Chapter 1: Regular Languages
For Your Enjoyment
- Regular languages play an important role in
lexical analysis
(the scanner) for a compiler.
Chapter 1.3, Regular Expressions
GNFAs
The book requires GNFAs to have the following three properties:
- The start state has transition arrows going to every other state but
no arrows coming in from any other state.
- There is only a single accept state, and it has arrows coming in from
every other state but no arrows going to any other state.

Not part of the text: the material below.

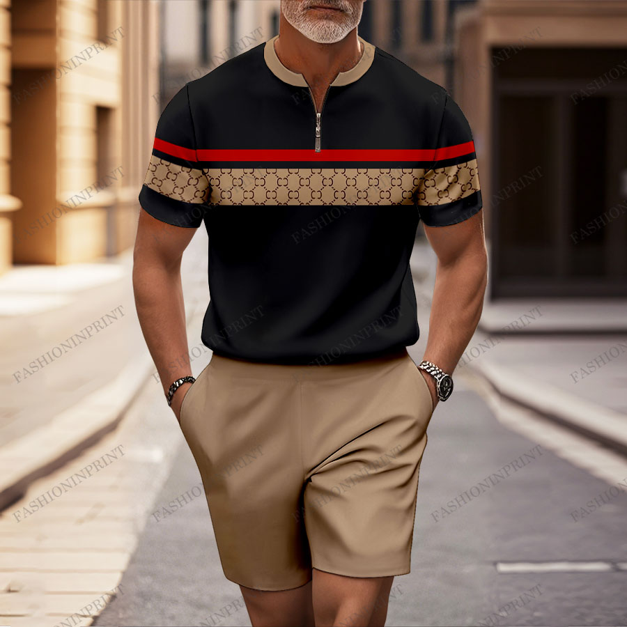 Men's Fashion Casual Black & Brown Color Matching Retro Checkered Striped Printed Round-Neck Zipper Short-Sleeved T-shirt & Shorts Two-Piece Set
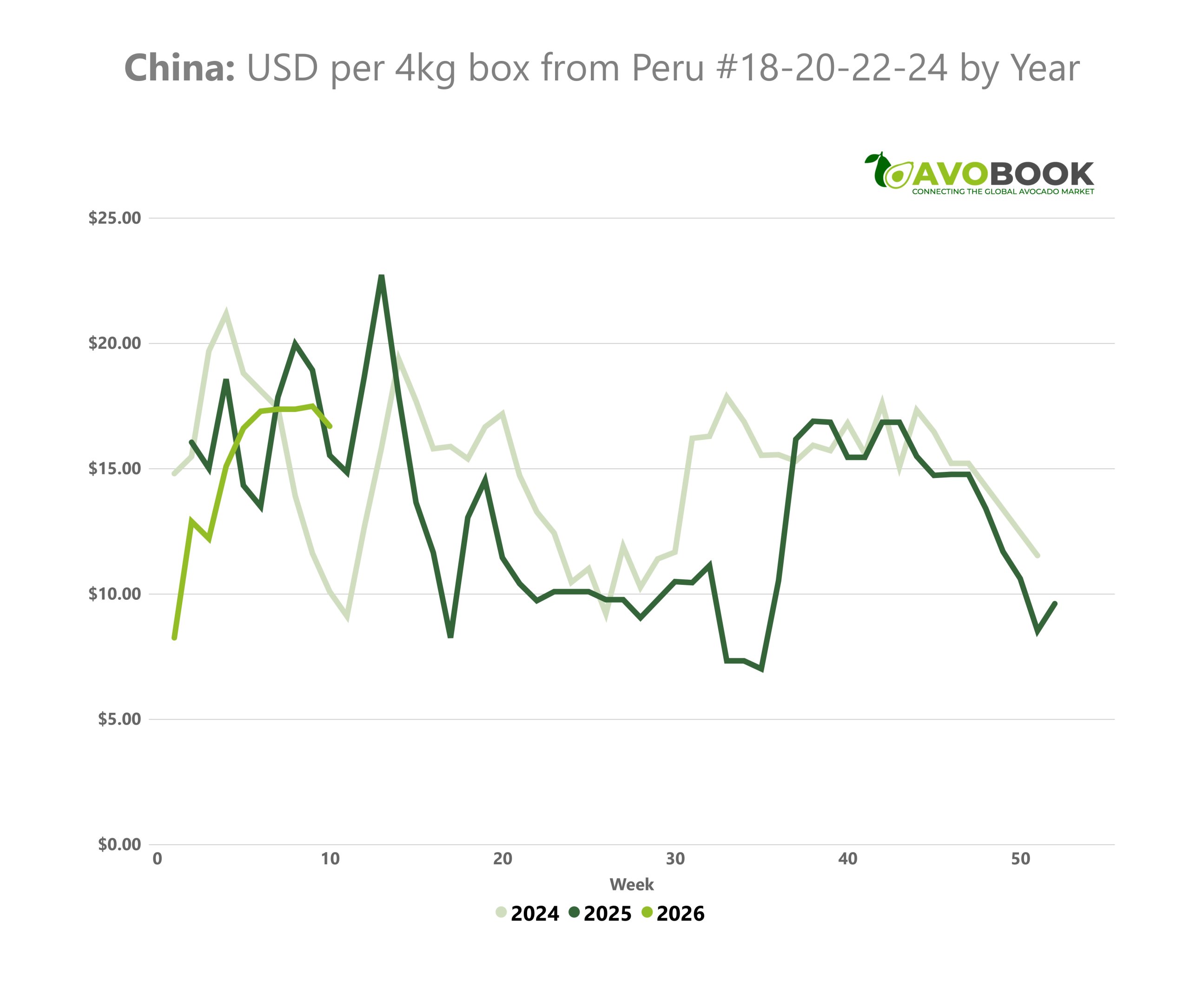 La semana 9 ya dejó ver señales de corrección. Los precios mostraron un rango amplio —entre RMB 210 y 270 para cajas de 10 kg y entre RMB 90 y 140 para formatos de 4 kg— reflejando un mercado menos ordenado y con diferencias más marcadas según calidad y rotación de inventario.

Furthermore,
the accept state is not the start state.
- Except for the start and accept states, one arrow goes from every state
to every other state and also from each state to itself.
A generalized nondeterministic finite automaton (GNFA) is a 5-tuple where
- Q is the finite set of states,
- Σ is the alphabet,
- δ(Q - {qaccept}) × (Q - {qstart})
—> R is the transition function (R is a regular expression),
- qstart is the start state, and
- qaccept is the accept state.
A GNFA accepts a string w in Σ* if
w = w1...wk where each wi is in
Σ* and a sequence of states q0...qk
exists such that
- q0 = qstart is the start state,
- qk = qaccept is the accept state, and
- for each i, wi ∈ L(Ri) where
Ri = δ(qi-1, qi).
DFA to Regular Expression Conversion Process
- Create an n+2 state GNFA from an n state DFA as follows:
- Add a new start state with an ε transition to the DFA start state.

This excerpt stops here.